The ultra-dramatic narrative is Ryan Dempster's intentional plunking of Alex Rodriguez last Sunday fired up the team and led to this recent run of success. That's not what happened though -- the Yankees had won five of seven games before the incident. They were hot before Dempster took the law into his own hands. Don't get me wrong, the incident may have fired up the team and helped them continue their success, but it's not the reason they started winning.
No, the Yankees put themselves back into the playoff picture by doing something very simple: they added good players to the roster. Crazy, I know. In the span of 10 days, New York added Alfonso Soriano via trade and welcomed both Curtis Granderson and A-Rod back off the DL. To a lesser extent, they also added Mark Reynolds as a right-handed bench bat/platoon partner. Those other three guys are the key though.

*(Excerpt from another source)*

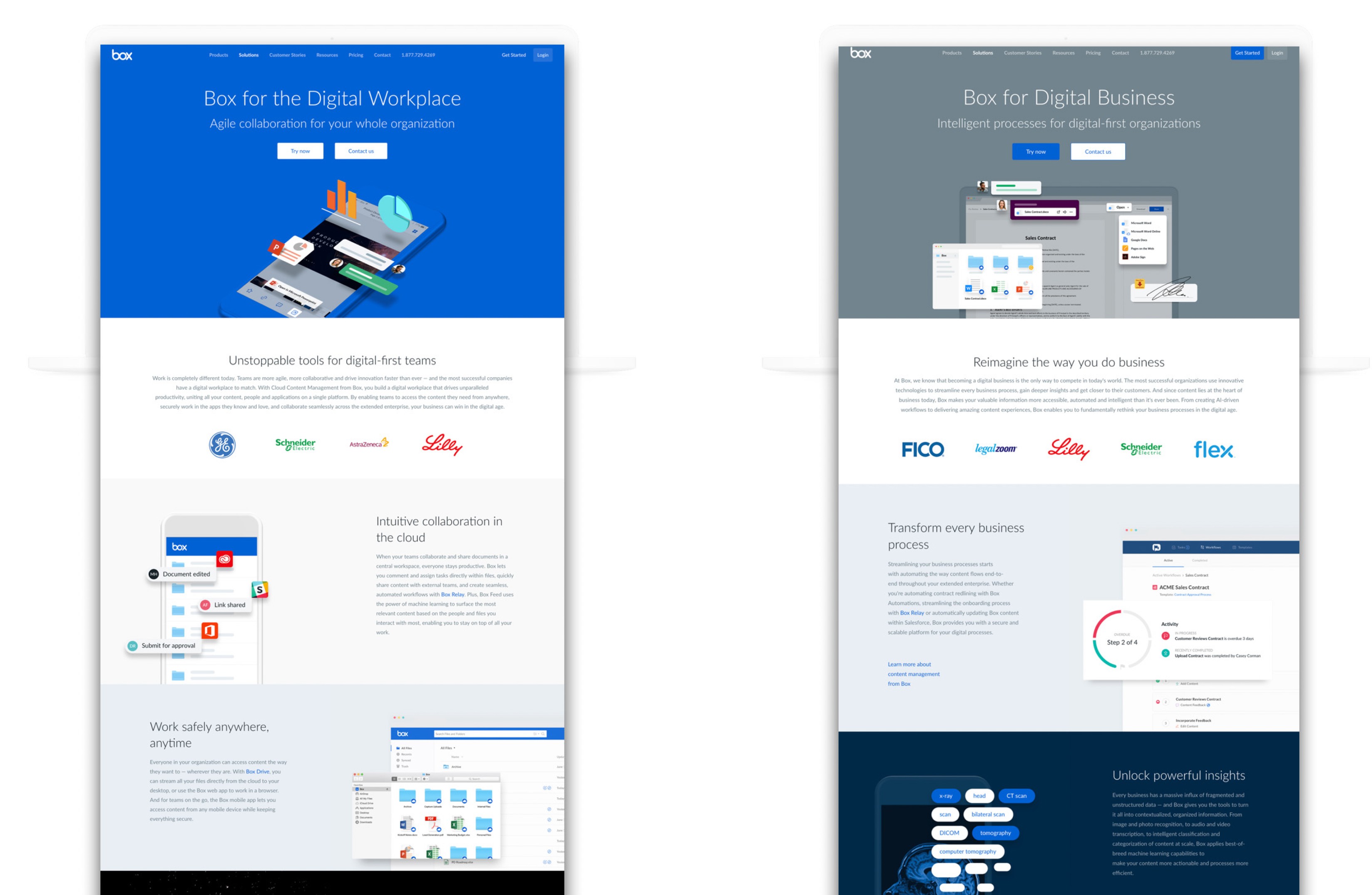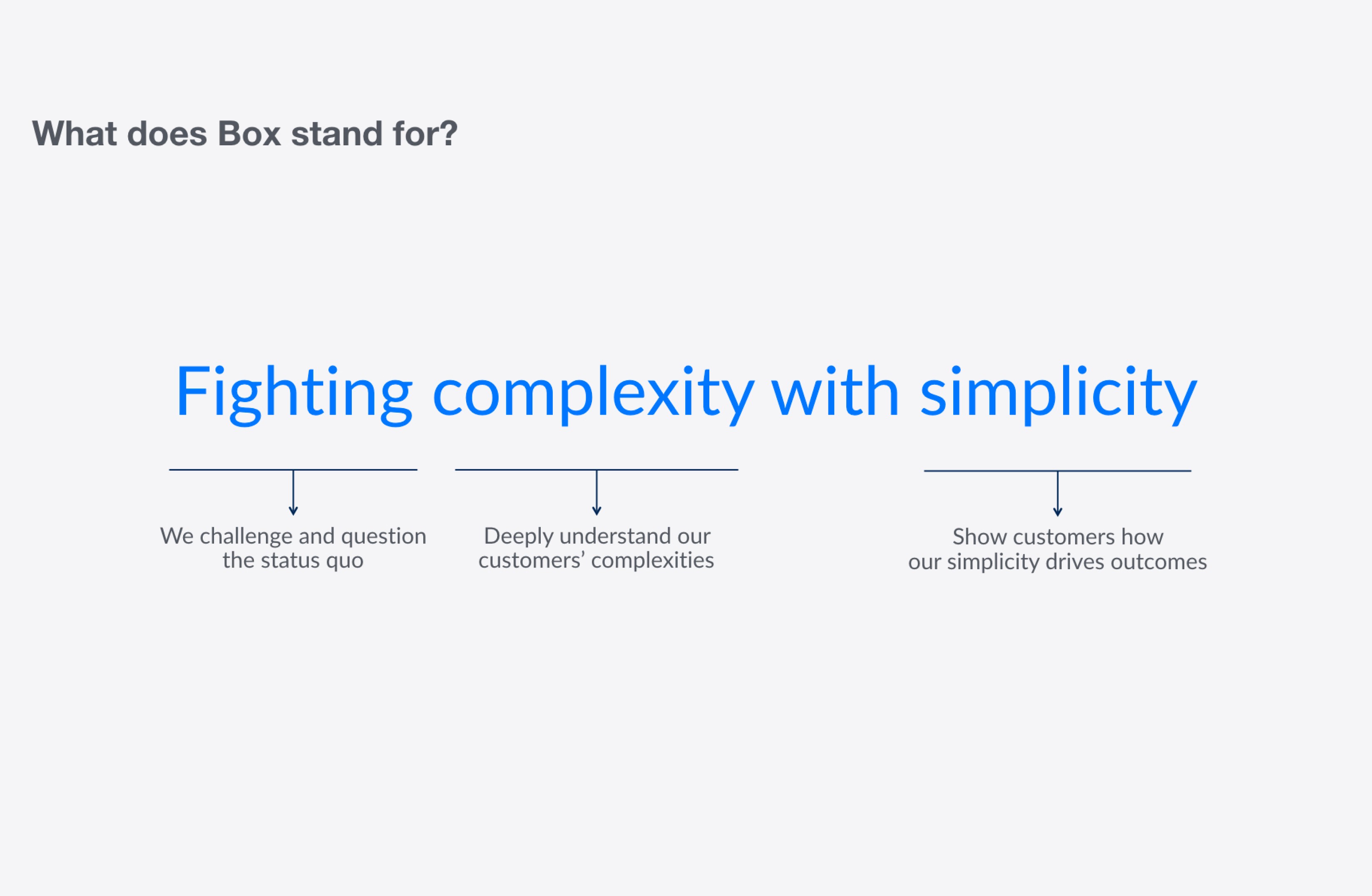 Often referred to as “Dropbox for business,” Box defined itself for years through its competitor – without offering an ownable vision or perspective. Two guided Box through a fundamental repositioning exercise, transforming an entity with low consumer awareness and a convoluted brand story into one with clear value and actionable strategy: driving success through efficiency. Today, Box is widely respected as an enterprise-preferred, consultative, system-to-people brand that focuses on providing management solutions and outcomes to larger business challenges.

First, here is how those three players have performed since rejoining the Yankees:
• Soriano: .276/.324/.571 with 9 HR, 28 RBI, 1.3 WAR in 25 games
• Granderson: .290/.421/.484 with 3 HR, 7 RBI, 0.7 WAR in 19 games
• Rodriguez: .281/.379/.421 with 2 HR, 6 RBI, 0.4 WAR in 15 games
All three have ranged from good to great, combining for 2.4 WAR in 59 games. Now here's the guys they replaced:
• Left Field: .223/.268/.330 with 10 HR, 36 RBI, 1.5 WAR in 102 games
• Designated Hitter: .207/.291/.353 with 14 HR, 44 RBI, -2.0 WAR in 107 games
• Third Base: .215/.272/.285 with 4 HR, 32 RBI, -0.6 WAR in 110 games
These aren't apples-to-apples comparisons because Soriano and Granderson have both split time in left field and at DH, Granderson has played a little right field, stuff like that. I think it gets the point across though. The guys they Yankees were running out there at these positions were terrible, and now the guys they're running out there aren't terrible. Before A-Rod returned, Yankees third basemen were getting out-homered by Cubs pitchers 5-4 for cryin' out loud.

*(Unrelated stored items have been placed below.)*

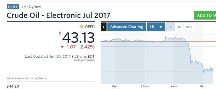 Ιδιαίτερα έντονες είναι οι πιέσεις σήμερα στην τιμή του πετρελαίου, σε συνέχεια των απωλειών το τελευταία διάστημα. Για την ώρα το συμβόλαιο Ιουλίου στις ηλεκτρονικές συναλλαγές στην Νέα Υόρκη διολισθαίνει αισθητά κατά 2,42% στα 43,13 δολ. το βαρέλι
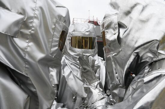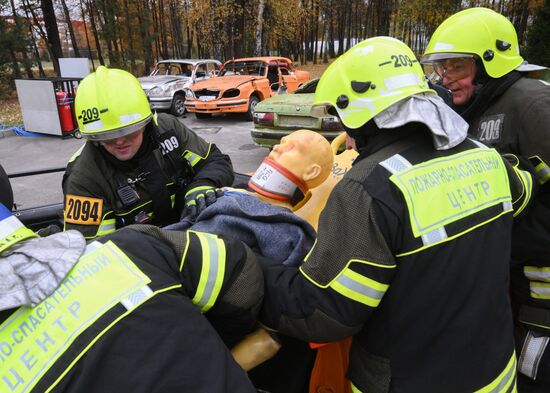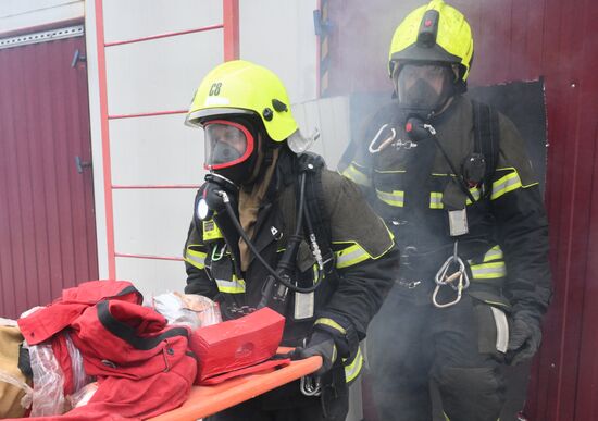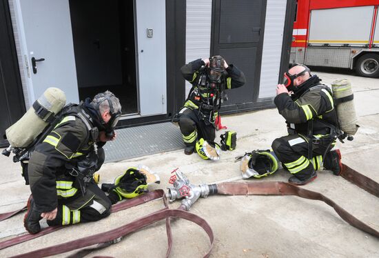 Пожарные и спасатели во время тренировки на учебной площадке Департамента по делам гражданской обороны, чрезвычайным ситуациям и пожарной безопасности города Москвы (ДГОЧСиПБ) в Московской области.25.10.2023#8542729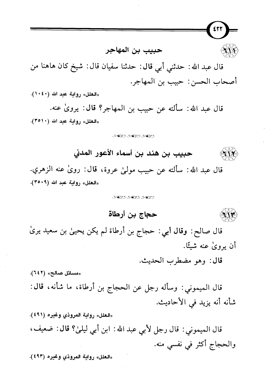 قال عبد اللَّه: حدثني أبي قال: حدثنا سفيان قال: شيخ كان هاهنا من أصحاب الحسن: حبيب بن المهاجر.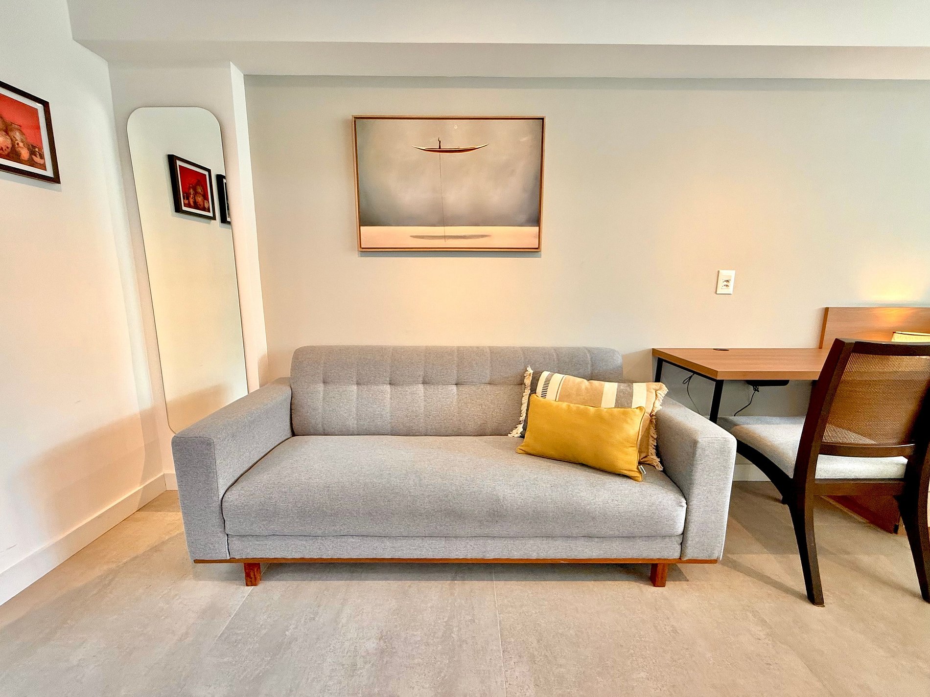 Área de estar com sofá/cadeira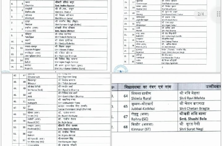 शिमला भाजपा ने हिमाचल विधानसभा चुनाव के लिए अपने 62 उम्मीदवारों की सूची जारी...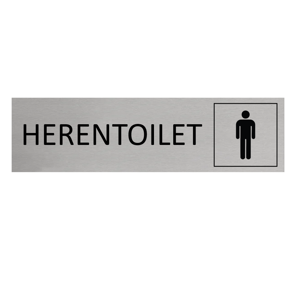 Deurbordje met de tekst Herentoilet, gemaakt van zilverkleurig aluminium. Het bordje heeft afmetingen van 165 x 45 mm. Voorzien van dubbelzijdige tape voor makkelijke bevestiging. Geschikt voor binnen en buiten. Per 1 stuk.

During this 10-2 stretch, New York scored eight or more runs five times. Five times in 12 games after doing it five times in their previous 85 games (!). This is a team that struggled to score more than three runs in a game for a good four months, and now they just overhauled one-third of their lineup to give Brett Gardner (101 OPS+) and Robinson Cano (145 OPS+) some support. Other players have helped as well, like Eduardo Nunez (115 OPS+ in August) and Vernon Wells (144).

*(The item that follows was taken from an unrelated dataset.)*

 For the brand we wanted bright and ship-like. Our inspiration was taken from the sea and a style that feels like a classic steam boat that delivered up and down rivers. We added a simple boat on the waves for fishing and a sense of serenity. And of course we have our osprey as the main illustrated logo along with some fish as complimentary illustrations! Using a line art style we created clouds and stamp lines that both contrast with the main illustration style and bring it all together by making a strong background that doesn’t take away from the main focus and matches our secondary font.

The Yankees still have plenty of problems, of course. CC Sabathia has a career-worst 4.83 ERA (83 ERA+) in 26 starts, including a 7.86 ERA in his last six starts. Phil Hughes has been consistently ineffective all year (83 ERA+). Derek Jeter is still hurt and Chris Stewart (68 OPS+) is still the starting catcher. Those storms are much easier to weather with legitimate above-average production from third base, left field and DH, however.
A 3.5 game deficit in the wild-card race is still rather daunting, especially with three teams to jump, but the Yankees do have a favorable schedule down the stretch. Twenty of their final 35 games are against the three AL East teams ahead of them -- including 13 against wild-card competitors in the Orioles and Rays -- while the other 15 are against last place teams. All those head-to-head games against AL East rivals mean the division title is not out of the question, though it is a long shot. The wild-card is much more realistic.
Considering how poorly the Yankees played in June and July -- 25-28 with a -24 run differential -- it's pretty amazing they even have a prayer at the postseason right now. They should be buried alongside the Blue Jays, Angels, Nationals and other disappointments. Instead, they've managed to stay in the race and figure to be playing meaningful baseball in September. I have to think the other AL contenders are kicking themselves for not burying the Yankees when they had the chance. The Bronx Bombers are a dangerous team right now.